Revista Educación

Recuerdos disjuntos

Por Siempreenmedio @Siempreblog

Me parecía increíble que fuera ella. Ya había creído verla en otras ocasiones, pero esta vez no cabía duda. Esa manera de intentar sujetarse el mechón rebelde del flequillo detrás de la oreja a la vez que resoplaba era exclusiva. ¿Cuánto tiempo había pasado desde nuestra separación? Madre mía, más de 20 años… mejor no echar cuentas. Pero me sentía como si fuera aún un adolescente imberbe. Ni lo pensé, dejé mi maleta abandonada en medio de la teminal y me dirigí a ella rápidamente.

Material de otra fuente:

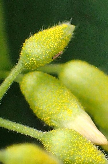 | 2025.9.14 神奈川県川崎市 萼裂片は萼筒より短く、先端は緩い三角状です 萼には黄色い腺点と短毛があります 腺点は突起状に盛り上がっていました |
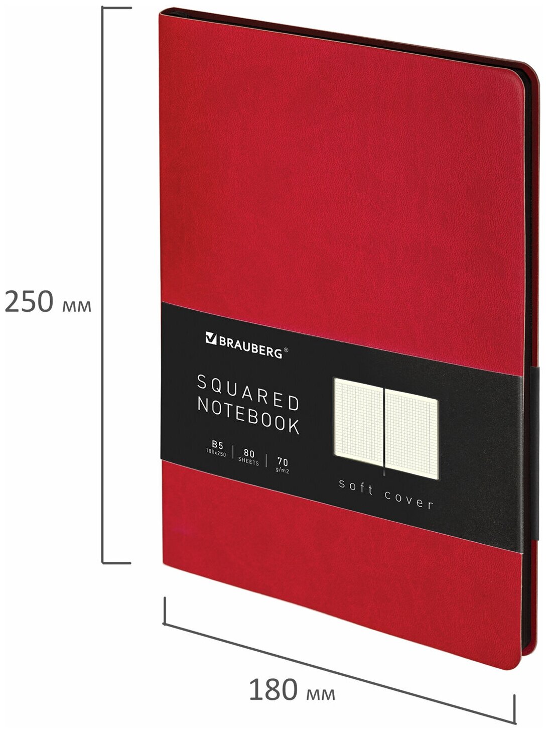 Блокнот большой формат (180х250 мм) B5, BRAUBERG "Metropolis Mix", под кожу 80 л., клетка, красный, 113312 информация:
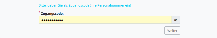 Oder ist eben kein Zugangsschlüssel enthalten und die Teilnehmer müssen Ihr "Passwort" (ihre Personalnummer) auf der Seite eingeben?

“¿Lucía?” María Lucía Hernández Infante. “Hola”, balbuceó ella. “¡Hola! ¿¿Cómo estás?? ¡Cuánto tiempo! Qué casualidad…”. Ella sonrió, sólo sonrió. ¿Sólo? Su sonrisa era la más bella que había conocido. Conseguía iluminar toda su cara y mi mundo. Fue volver a ver esa sonrisa y agolparse en mi mente recuerdos y más recuerdos de las ocasiones en que había podido disfrutarla. Como cuando cumplió quince años y le dejé en su puerta un ramo de flores, observándola tras un árbol para que su familia no me descubriera (o al menos ésa era mi excusa). Cuando su amiga le contó que había recorrido kilómetros en bicicleta para visitarla en vacaciones, porque no soportaba un día más sin verla, pero que me había perdido por el camino. Cuando me armé de valor y me atreví a apartarle el pelo, besarle suavemente el cuello y decirle que no olvidaría jamás el cinturón de Orión de los lunares de su mejilla.

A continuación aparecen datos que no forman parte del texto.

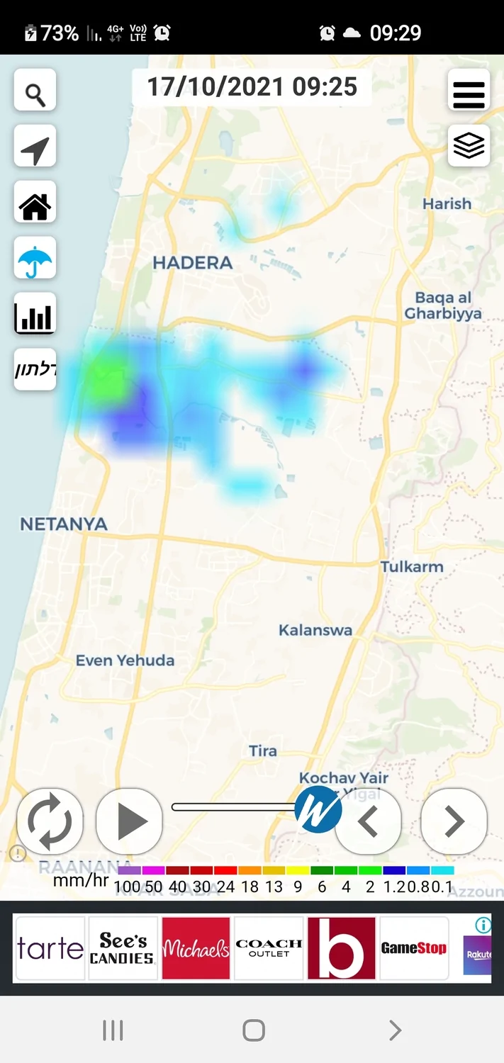 - מודיעין עילית 1 מ"מ. היה גשם כבד למשך דקה משה

“¿Cómo te va la vida?” Fui poco original, había olvidado las frases ensayadas los primeros años sin ella. Me contó que había abierto hacía unos meses un bufete y me entregó su tarjeta. Que su hijo estaba cada día más gracioso y me mostró una foto. Que esta primavera estaba harta de la alergia y sacó un paquete de pañuelos. “Me alegro mucho. Bueno, de lo de la alergia, no, ¡claro!, de lo demás. De verte… de verte feliz”. ¿Sería feliz? En realidad lo estaba dando por sentado con una migaja de información. Tantas veces me lo había preguntado: qué sería de ella, dónde viviría, si sería feliz… Incontables los momentos solitarios que había dedicado a imaginarme qué hubiera sido de nosotros si no hubieran destinado a su padre a Granada aquel lluvioso septiembre.

Un hombre con unos billetes en la mano se acercó a nosotros. Supe enseguida que era su marido. Había que admitir que tenía cara de buena persona, que parecía un tipo simpático, cariñoso, un buen compañero y padre. Ella le regaló otra de sus magníficas sonrisas y le dijo: “Manolo, un viejo amigo”. Entonces me di cuenta: no me recordaba.